Experience had shown that antiaircraft fire was seldom accurate, so they proceeded on to Pont-à-Mousson, checkpoint of the first thirty-mile-long leg of the big isosceles triangle that defined their patrol sector. From thence they steered northeast toward St.-Mihiel, the second checkpoint, and from there along the valley of the Meuse, then westward to Toul and home. Whenever Rickenbacker fell behind, Lufbery would make a virage—a bank, or circle, in the air—and come up reassuringly beside him. They made the triangle four times before completing the patrol.
When they returned, all the other pilots and mechanics gathered around waiting breathlessly to know how it was. Lufbery let Rickenbacker do the talking. He told them they had seen no other planes, friend or foe, and that the archie was simply wasting ammo.
While the others absorbed Rickenbacker’s and also Campbell’s account, the silence was broken by a chuckle from Lufbery.
“Sure there weren’t any other planes around, Rick?” he asked.
“Dead sure,” Rickenbacker said.
Lufbery then explained that there had been at least fifteen planes, both friendly and enemy, which had come within a mile of them and admonished everyone to “learn to look around.”

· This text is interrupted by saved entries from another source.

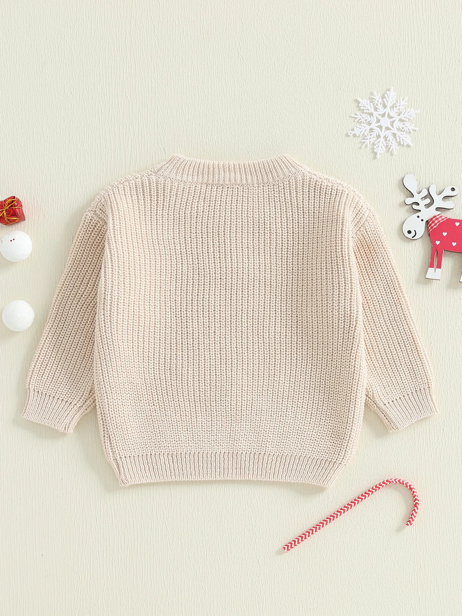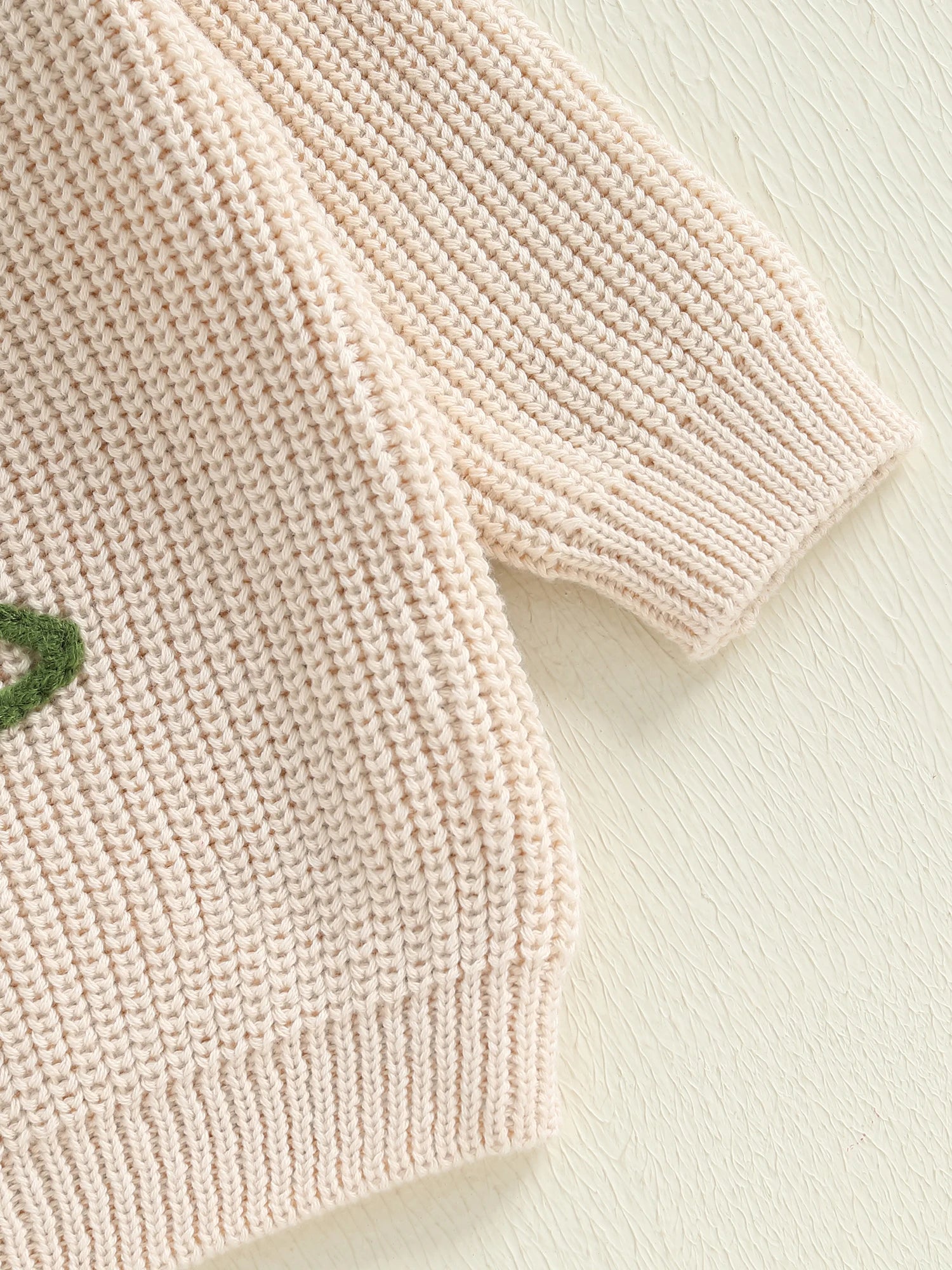 Baby Toddler Boys Girls Christmas Sweater Christmas Tree Embroidered Ribbed Long Sleeve Knitted Top for Winter
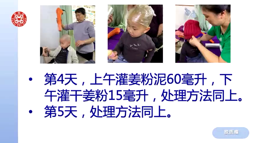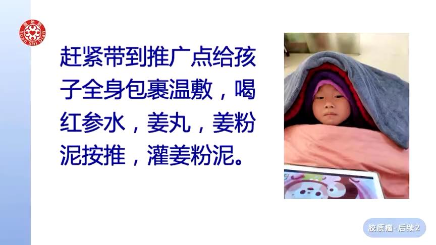 用风筒吹整个头部40分钟,用姜油对5滴麻油加8滴浓缩姜汁轻轻涂抹整个头部,再用毛巾包上红豆帽在头部温戴半小时。吸小朋友喝姜丸10粒。交代家长不可以吃水果,寒凉的饮食不可以再吃,只能吃温热饮食。晚上回家睡温敷床垫37度
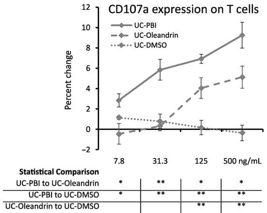 Peripheral blood mononuclear cells exposed to PBI and the pure compound oleandrin showed strongly enhanced cytotoxic killing activity against the MHC class-I deficient target cell line K562, using the gold-standard flow cytometric assay for CD107a expression. The increased expression of CD107a on PBI-treated T cells was highly significant (p < 0.01) when compared to matching concentrations of DMSO across the concentration range of 31.3–500 ng oleandrin/mL (Figure 6). The milder increase seen for oleandrin-treated T cells was only seen for the two highest concentrations of 125 and 500 ng oleandrin/mL, reaching a high level of statistical significance (p < 0.01). This shows that other components in the botanical PBI extract contribute to the effects on innate immune activation.
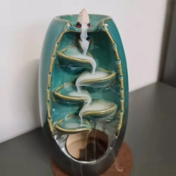 Ceramiczny kominek zapachowy wyróżnia się prostym i eleganckim designem. Po zapaleniu specjalnego kadzidła tworzy spektakularny efekt wodospadu z dymem przepływającym wstecz. Jest odpowiedni do każdego wnętrza, dostarcza nie tylko wizualnej, ale i aromatycznej przyjemności.
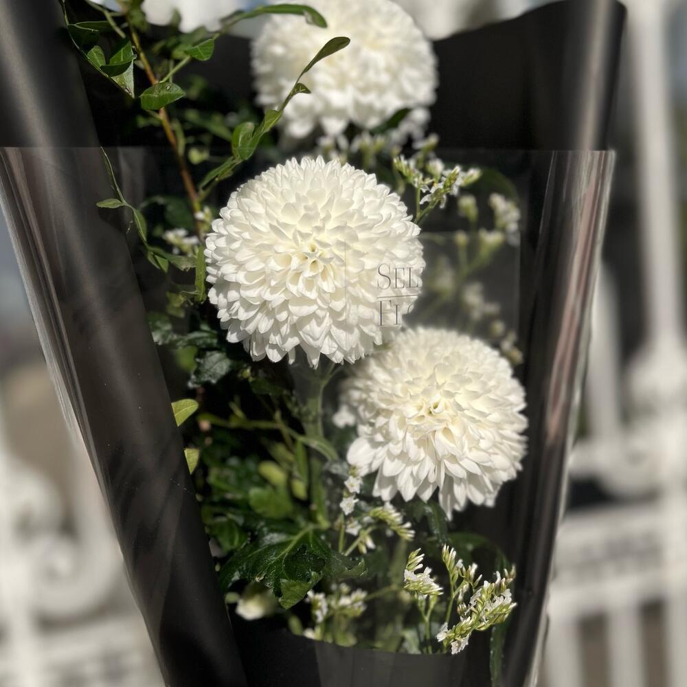 хризантема боул – 3 шт.Фисташка – 2 шт.озатомнус – 2 шт.Дизайнерская упаковка – 1 шт.

As if this humiliation wasn’t enough, a grinning Lufbery led them over to their planes. On Rickenbacker’s plane Lufbery stuck his finger through shrapnel holes in both tail and wing and another a foot away from the cockpit. Rickenbacker was flabbergasted. He could have been killed! He decided then and there he had a lot to learn, and not much time to learn it, if he didn’t want to get shot out of the sky.9
From that day on, whenever he had spare time, Rickenbacker took a plane up and practiced things that Lufbery had taught him, in particular, a kind of corkscrew maneuver Lufbery had invented to quickly look 360 degrees all around the sky—almost as if he had eyes in the back of his head. In aviation circles this became known as the Lufbery circle or Lufbery loop. The violent twists of this contorted exercise made Rickenbacker airsick, and he threw up in his cockpit more than once, he admitted, until one day the airsickness simply disappeared and never returned. Since gun jams were a major problem, Eddie also began to emulate Luf’s practice of individually polishing each of his machine-gun bullets the night before a mission. A mere speck of dirt or grime could lock the weapon tight—not a good thing in the middle of a dogfight.10
APRIL 14, 1918, marked the 94th Aero’s first combat mission with guns and live ammo, and Rickenbacker was again chosen as part of the first three-plane patrol. The fighting on the ground was as heavy as ever and the Germans continued to send up reconnaissance planes and fighter escorts to protect them.
There was a heavy fog but the 94th inadvisably took off anyway. The operation almost immediately became a shambles. In Rickenbacker’s flight the leader turned back because the fog was so thick, but Rickenbacker assumed it was because of engine trouble and continued on. Then he and his companion became separated and Rickenbacker flew on alone. Upon his return Rickenbacker was informed that two enemy planes, which, unbeknownst to him, had been chasing him, had mistakenly wandered over the 94th’s airfield and were brought down in flames by two other squadron members. Not bad for the first day on the job.b
Bad weather socked them in for a week but, on April 23, responding to a report that an enemy plane had been sighted between St.-Mihiel and Pont-à-Mousson, Rickenbacker took off in pursuit. Instead of an enemy he found only a French Spad humming along at 8,000 feet. Returning empty-handed, he found himself swarmed with congratulations owing to a report that a German plane had been shot down in the sector where he’d been patrolling. Rickenbacker thought it was a pity having to tell them the truth—but he did.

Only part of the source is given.